Матвейка смотрел на нее и видел девку из Лугового, задохнувшуюся в яме с мальцом на руках. Ту он сгубил, а эту спасет, эту и многих других. Таков промысел Божий, вот зачем дарованы Матвейке несколько лишних деньков. Свет истинной веры снизошел на него. Степь как плаха, полоняне как исповедники, кровь раскольников как святая вода. Искупление за грехи. Войско из мучеников, рука об руку в Рай. Туда, где нет горя, нет боли, нет страданий, где навеки сломаны и сожжены пыточные кресты. «И сказал Господь: кто обречен на смерть, иди на смерть».
«Жди нас, Господи!» – Матвейка улыбнулся звездному небу, перекрестился двуперстием и нащупал в темноте липкую от крови рукоятку ножа…
Максим Кабир
И наступила…
Когда Арбенин заговорил – заговорил совсем не из той части комнаты, в которой находился, – присутствующие умолкли. Воцарилась почтительная пауза. И Арбенин окаменел, лишь дымок вился над его ореховой трубкой да потрескивал табак. Цепкие, но сейчас – растерянные глаза вперились в угол, в точку, где обосновался звуковой фантом. Гости застыли, приготовившись аплодировать в финале представления. Француз, впутавший Арбенина в эту авантюру, шевелил навощёнными усами, как голенастый и пузатый таракан. Валики вращались, из раструба лилась речь. Фонограф зачитывал отрывок из «Анны Карениной»:
«Да, на чем я остановилась? На том, что я не могу придумать положения, в котором жизнь не была бы мученьем, что все мы созданы затем, чтобы мучаться, и что мы все знаем это и все придумываем средства, как бы обмануть себя».
Встревоженный Арбенин слушал запись. Слушал собственный голос со стороны, и разрекламированное чудо казалось скверной. Да! Голос, прославивший знаменитого чтеца, был искажен и осквернен. Зловеще потрескивали гласные, шуршали шипящие, как клубки гадюк внутри чертовой шарманки. Француз улыбался, ожидая восторгов. Но Арбенину хотелось заткнуть уши, рявкнуть: «Довольно!» Своим настоящим, не изувеченным голосом.

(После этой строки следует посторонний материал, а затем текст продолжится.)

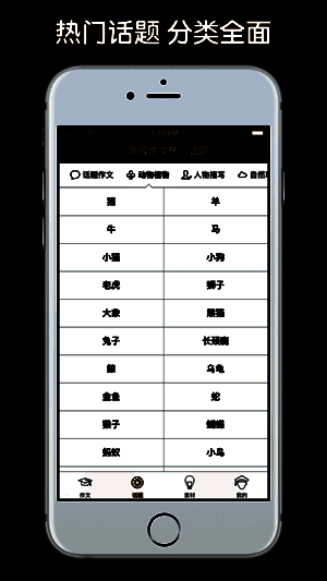 2、上百个题材分类,按照:叙事、写景、写物、写人等上百个分类划分,帮助学生全方位地修炼作文功底;
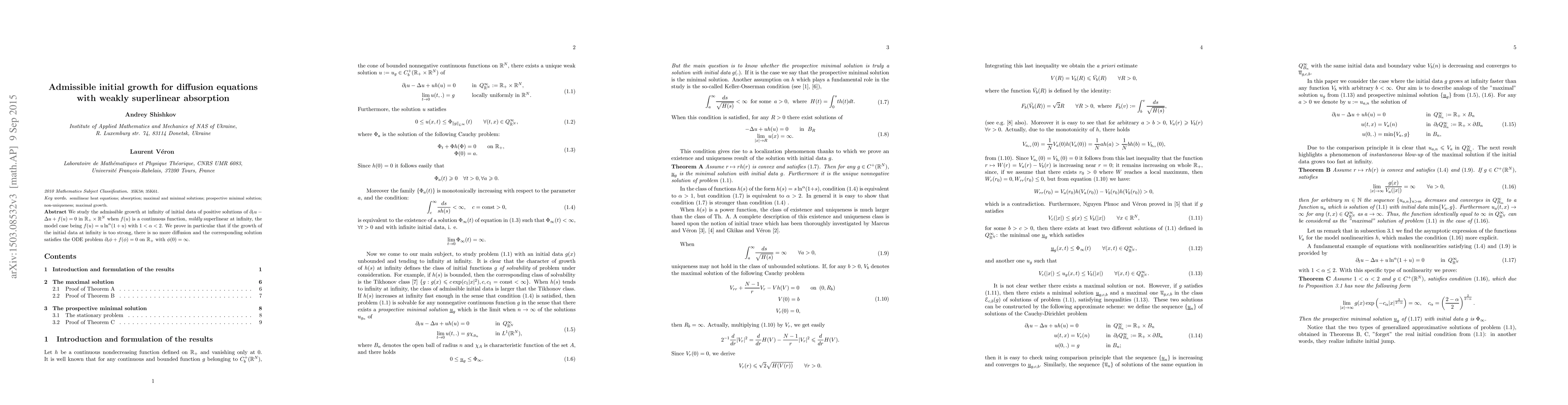 This paper explores the permissible initial growth conditions for positive solutions of diffusion equations with weakly superlinear absorption, showing that excessively strong initial growth leads to a solution that behaves like an ODE rather than a diffusion equation. The specific case of $f(u)=u\ln^\ga (1+u)$ with $1< \ga < 2$ is examined.
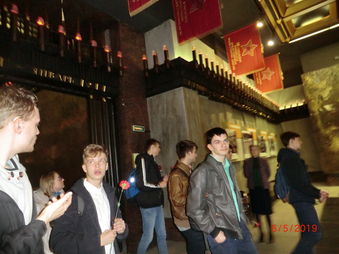 Далее экскурсия продолжалась под землей в Памятном зале. Особое внимание было обращено на большие мозаики «Блокада» и «Победа», на книги Памяти с металлическими ежедневными страницами с 1941 по 1944 годы. В конце экскурсии был показан документальный фильм о жизни ленинградцев в годы блокады.
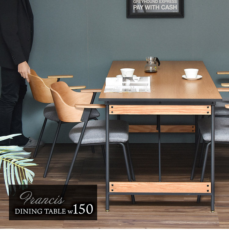 ダイニングテーブル単品 幅150cm 4人用 W150 ブラックフレーム 木目デザイン ダイニングテーブル アイアン スチール 脚 テーブル リビングダイニングテーブル ハイテーブル 食卓 長方形テーブル(代引不可)
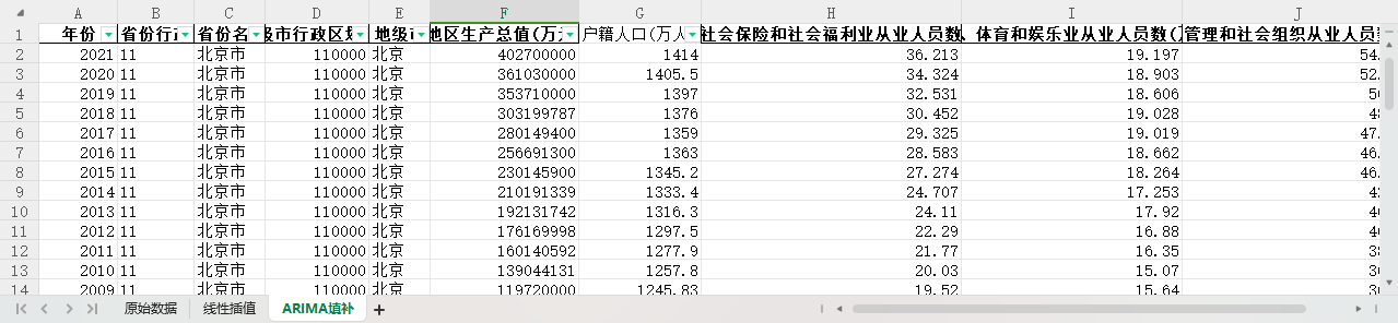 excel数据文件包原始数据(由于多年度指标不同存在缺失值)、线性插值、ARIMA填补三个版本,提供您参考使用。

А валики крутились, как средневековый пыточный инструмент, перевирая интонации. Публика понимающе кивала. Никто из них – даже Анна – не слышал омерзительной фальши. Побледневший чтец испугался, что это будет длиться вечно. Что, хотя он надиктовал полстранички, аудиодвойник прочтет всего Толстого. Бедный Лев Николаевич! Бедный Арбенин Лев Федорович!
Обученные попугаи, перекривляющие учителей, звучали человечнее го́лоса, похищенного творением Эдисона!
– Достаточно, – сказал кто-то.
Верно, нашелся здесь достойный господин с разумом и слухом.
Гости повернулись к Арбенину. До него дошло, что суховатый приказ выплюнул он сам, не признав своего голоса. Вот к чему приводят дьявольские фокусы.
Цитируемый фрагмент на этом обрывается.